会派を代表して、防衛・風力発電調整法案に反対の立場で討論します。
本法案は、米軍や自衛隊のレーダーに影響を与える風力発電設備の設置を規制するために、電波障害防止区域を指定し、風力発電設備の設置事業者に届出を義務付けるとともに、事業者による工事の二年間の差止めを認めるものです。
人口減少社会を迎え、全国の自治体の四割が消滅可能性自治体と言われる中、本法案は、地域活性化の鍵を握る風力発電という自然エネルギーの利活用について、安保三文書に基づく軍事優先の論理で規制しようとするものです。土地規制法などと連動して、基地周辺の住民の自由な経済活動を軍事優先の論理で規制することは、ほかの経済安全保障関連法などとともに、日本の社会そのものを軍事優先に変質させ、日本の未来にとって大きな禍根を残すことになります。
また、本法案に基づくレーダーや飛行場への影響の排除は、米国が進める敵基地攻撃とミサイル防衛のシステムである統合防空ミサイル防衛、IAMDを日本において整備することが目的であり、米軍の指揮統制の下、ウクライナ型の代理戦争の一環で日本の自衛隊が敵基地攻撃ミサイルを撃つことを前提とするものです。

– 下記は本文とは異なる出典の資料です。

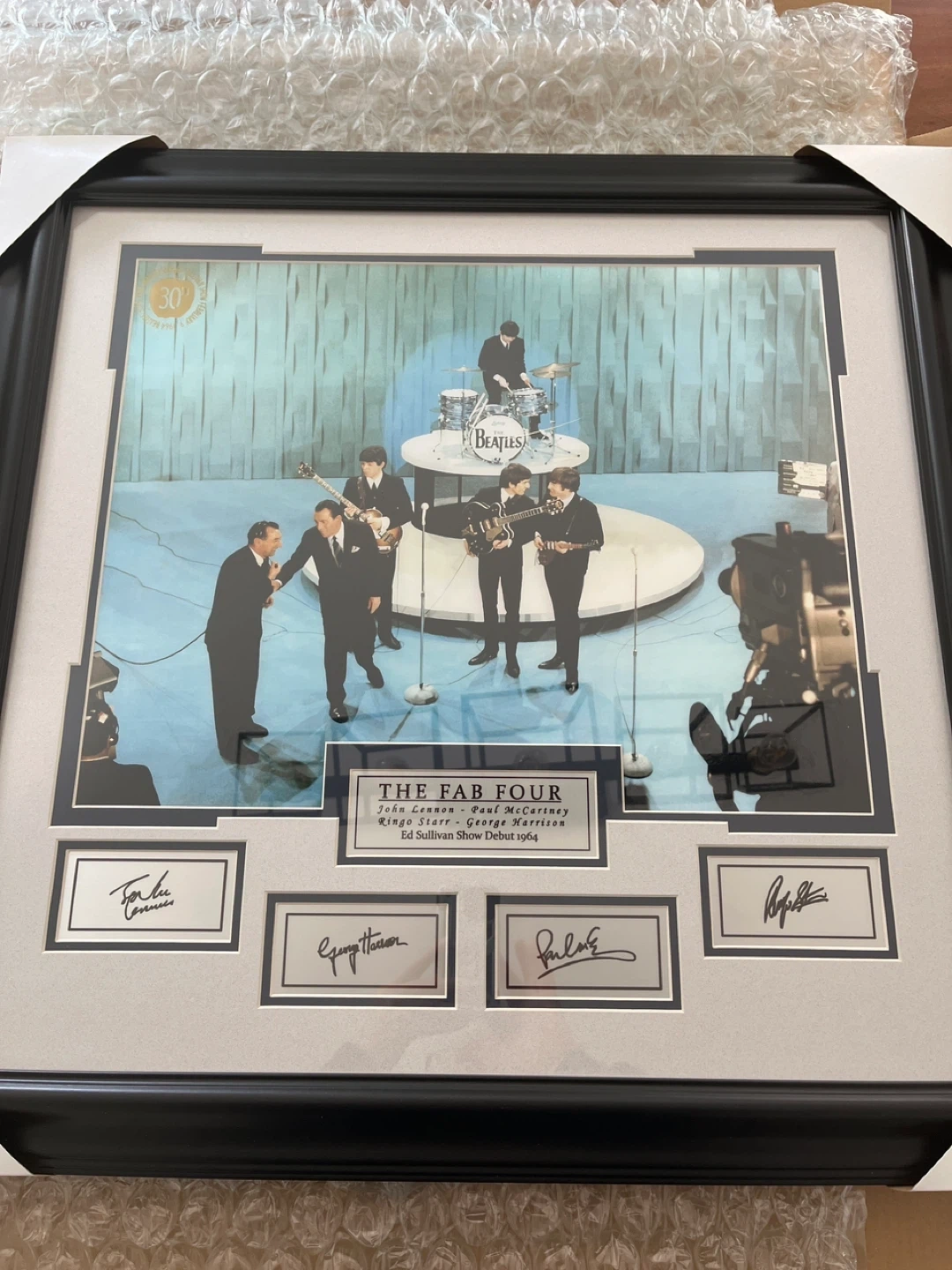 The Beatles' Ed Sullivan Show debut in 1964. Features images of the band and "The Fab Four" title with the names of John Lennon, Paul McCartney, Ringo Starr, and George Harrison.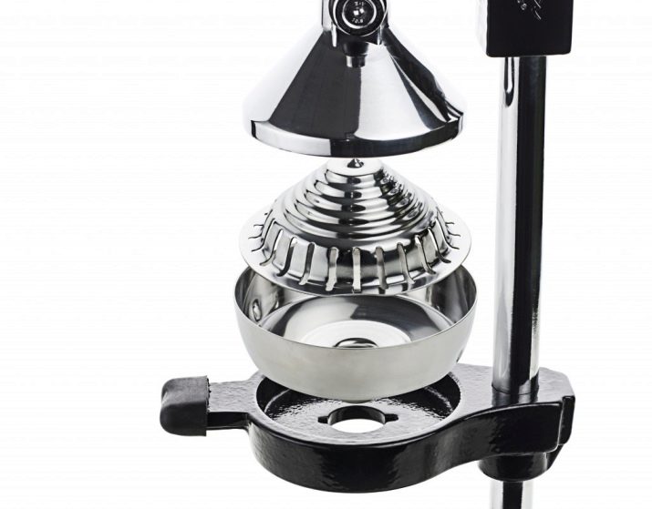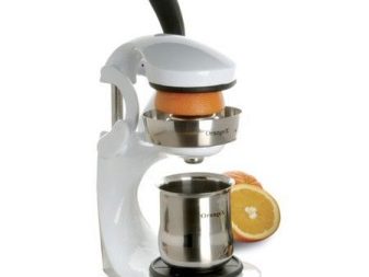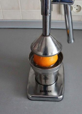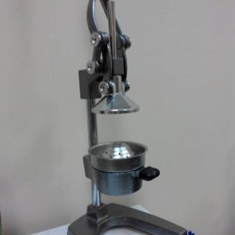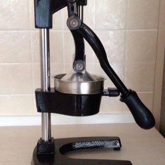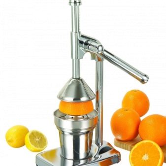 Принцип работы такого прибора достаточно прост: для того чтобы получить сок, половинки цитрусовых нужно зафиксировать между металлическими или пластмассовыми пластинами, в зависимости от модели, и надавить на рычаг. Это очень удобно, если вам требуется совсем немного сока, скажем для коктейля, заправки салата или какого-то соуса.

これは、岸田政権の安保三文書に基づく二七年にGDP比二%という大軍拡路線の下、米国の覇権維持のために沖縄を始めとする日本の国土を戦場にして中国の力をそぐという米国の軍事戦略に沿ったものです。日本国民の生命、財産を守るという日本の国益に大きく反するものにほかなりません。
日本は今、社会や国として持続可能か否かの分岐点にいます。身の丈に合わないGDP比二%の防衛費を浪費し、軍事優先の論理で日本社会の可能性を閉ざすのではなく、政策資源は喫緊の課題である少子高齢化、人口減少問題に集中すべきです。
安保三文書に基づく軍事による抑止力偏重の安全保障政策を対話による外交を中心としたものに転換することを訴えて、本法案に対する反対の討論といたします。